— Material shown —
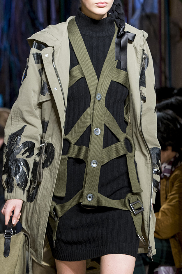 Стайлинговые приемы: шнуровка, брюки, заправленные в ботинки, имитация парашютных жилетов
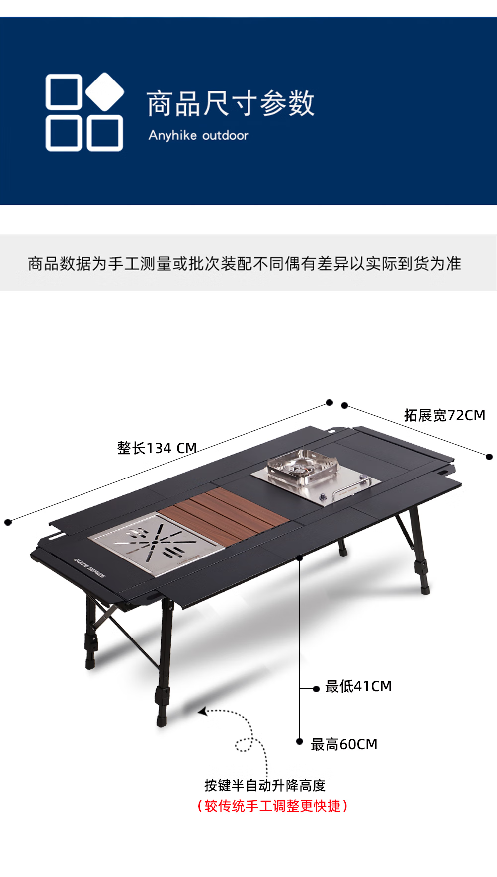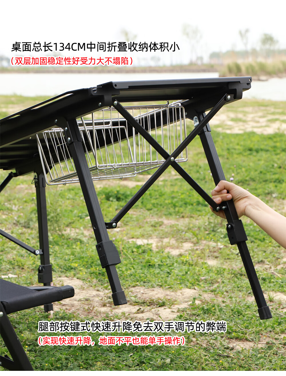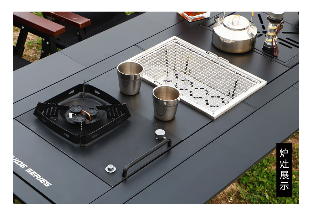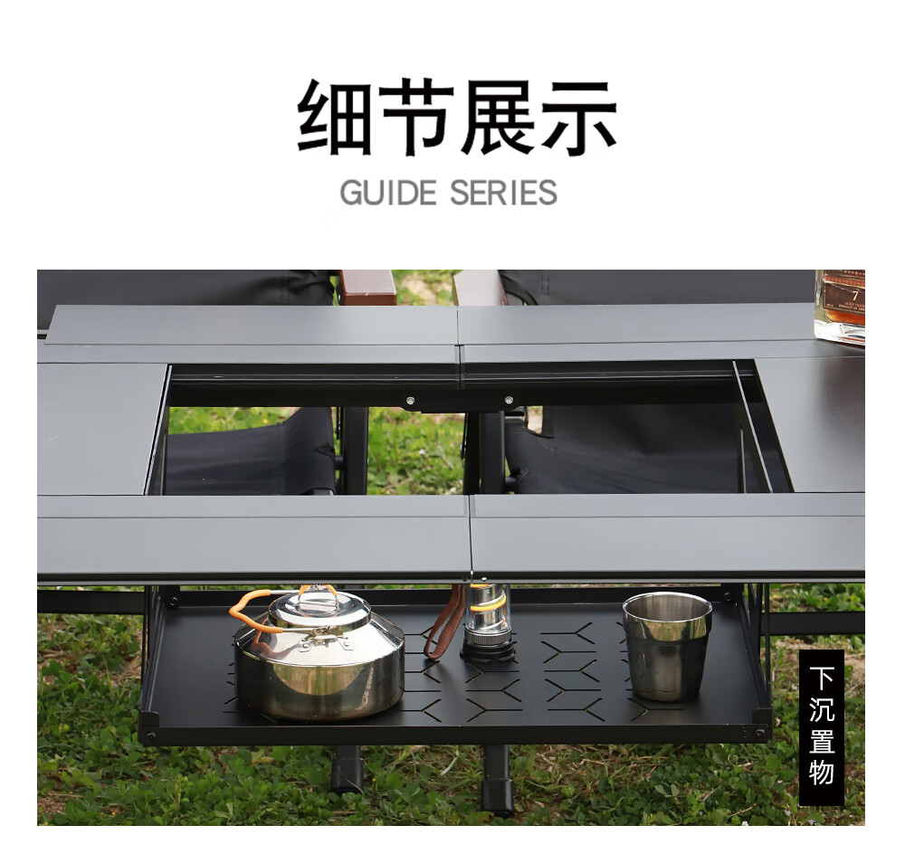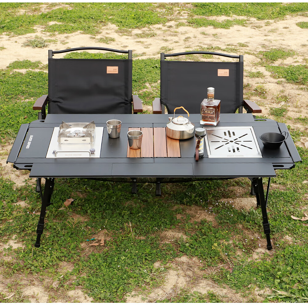Guide Series户外露营铝合金五单元IGT桌野餐半自动升降桌可拓展折叠露营028桌 BL-028折叠IGT黑桌+黑炉+茶盘
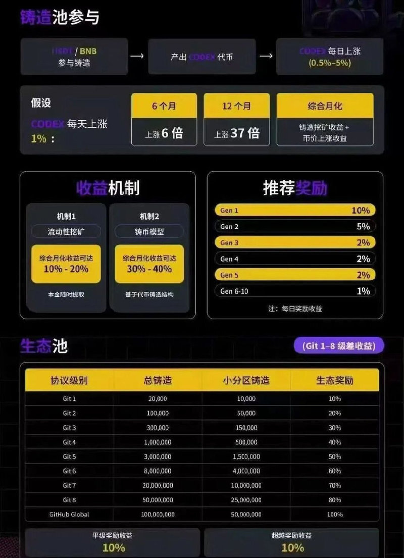 CodexField 的奖金制度,主要靠代币经济和多层级的激励机制来运作,核心要点给你掰扯清楚:
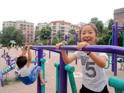 “妈妈你看,这个最好玩啦!”7月11日,湖北省郧县刘洞镇一贯制学校的王甜甜等孩子在郧县文化广场的户外健身设施间欢呼雀跃。暑假里不少在城区打工的爸妈们把孩子从乡下接进城市,孩子们对城市的一切都感到新奇。
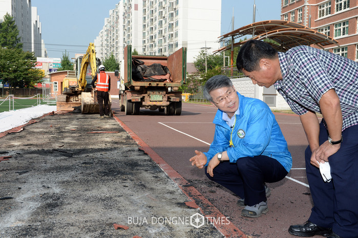 트랙을 걷어내고 남은 깊이 약 1.5㎝ 빈공간에 광산구는, 곧바로 학교 측과 논의를 거쳐, 부직포·마사토 시공 등 기본적인 안전장치도 마련해 주기로 했다. 교육부와 시 교육청에서 재원을 확보해 재시공하거나 새 운동장을 마련할 때까지 학생들의 안전을 확보하기 위해서다.
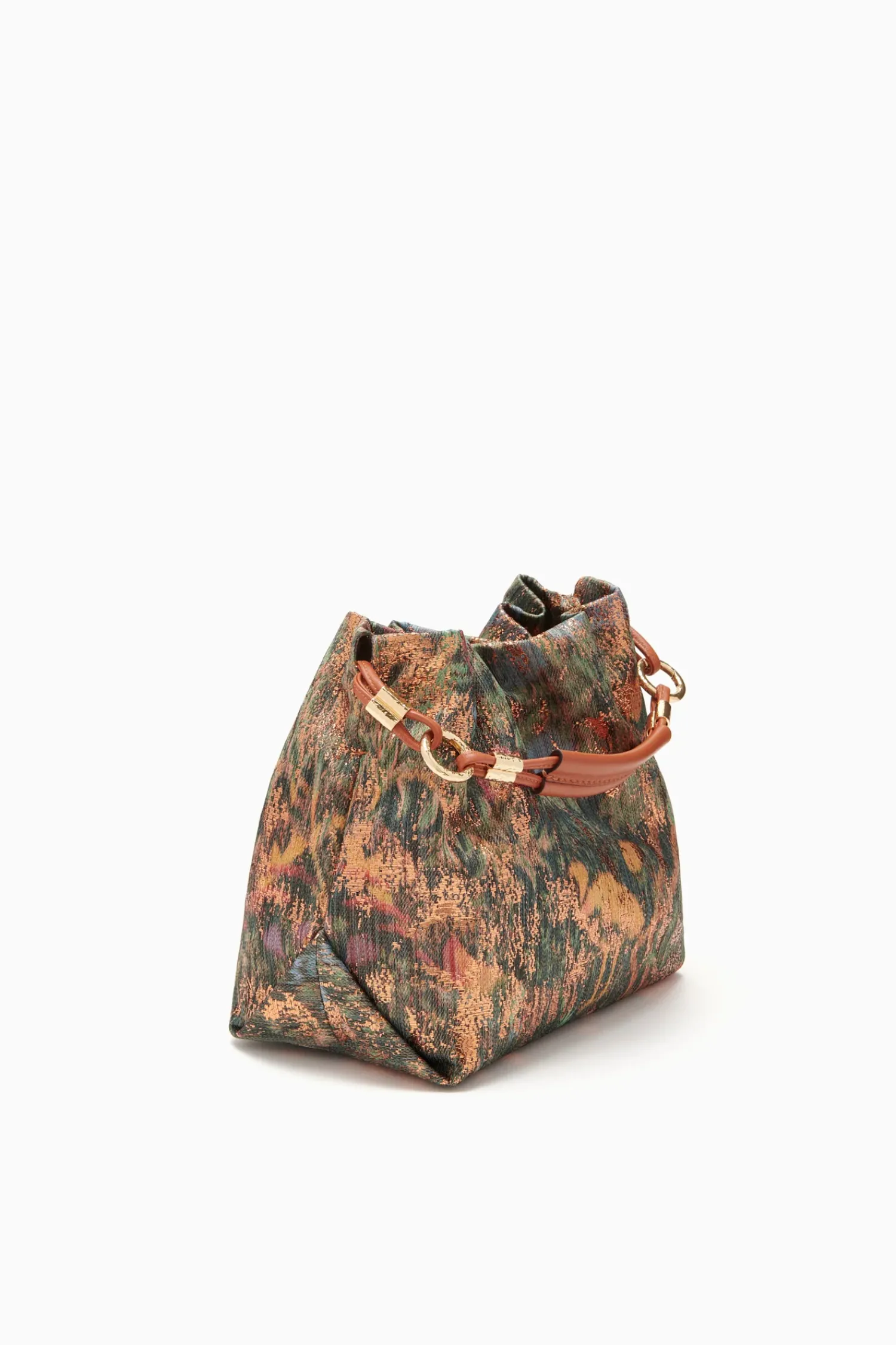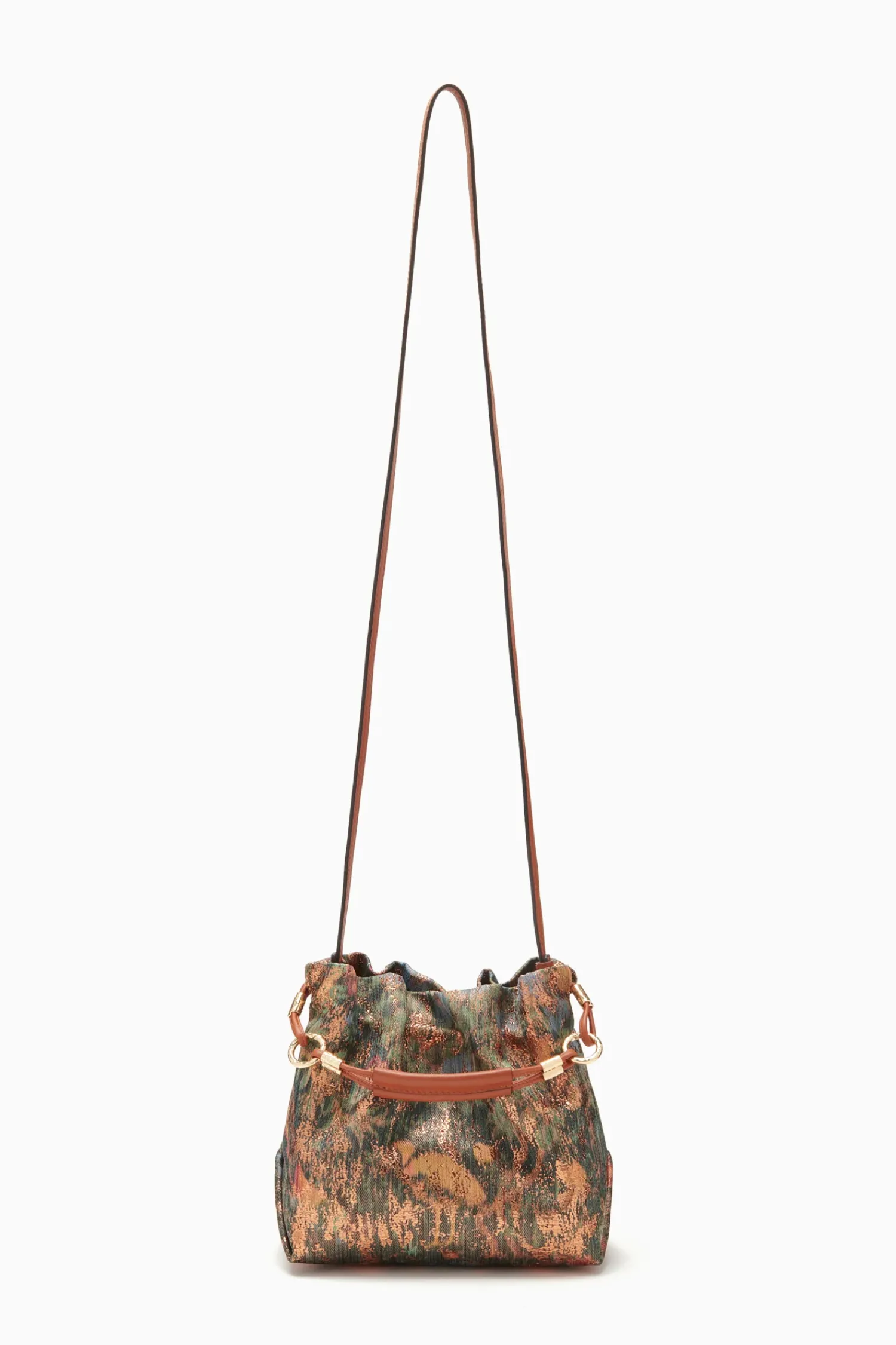 The Remy Mini Handbag Is Crafted In Italy From A Soft Lurex Jacquard, Featuring A Woodland-Inspired Pattern Enhanced With Metallic Threads. This Iconic Bag Can Be Worn As A Crossbody When Styled With The Long Strap, Or As A Hand-Held Mini With The Short Handle. This Silhouette Is Softly Gathered At The Top Opening When The Drawstring Is Pulled Tight At The Sides. It Has An Interior Magnet Closure And An Interior Zipper Pocket.

— What this task involves —
Repeat the lines above, starting at the first and stopping after the line that holds "트랙을 걷어내고 남은", with the pictures left out.

— Response box —
 Стайлинговые приемы: шнуровка, брюки, заправленные в ботинки, имитация парашютных жилетов
Guide Series户外露营铝合金五单元IGT桌野餐半自动升降桌可拓展折叠露营028桌 BL-028折叠IGT黑桌+黑炉+茶盘
 CodexField 的奖金制度,主要靠代币经济和多层级的激励机制来运作,核心要点给你掰扯清楚:
 “妈妈你看,这个最好玩啦!”7月11日,湖北省郧县刘洞镇一贯制学校的王甜甜等孩子在郧县文化广场的户外健身设施间欢呼雀跃。暑假里不少在城区打工的爸妈们把孩子从乡下接进城市,孩子们对城市的一切都感到新奇。
 트랙을 걷어내고 남은 깊이 약 1.5㎝ 빈공간에 광산구는, 곧바로 학교 측과 논의를 거쳐, 부직포·마사토 시공 등 기본적인 안전장치도 마련해 주기로 했다. 교육부와 시 교육청에서 재원을 확보해 재시공하거나 새 운동장을 마련할 때까지 학생들의 안전을 확보하기 위해서다.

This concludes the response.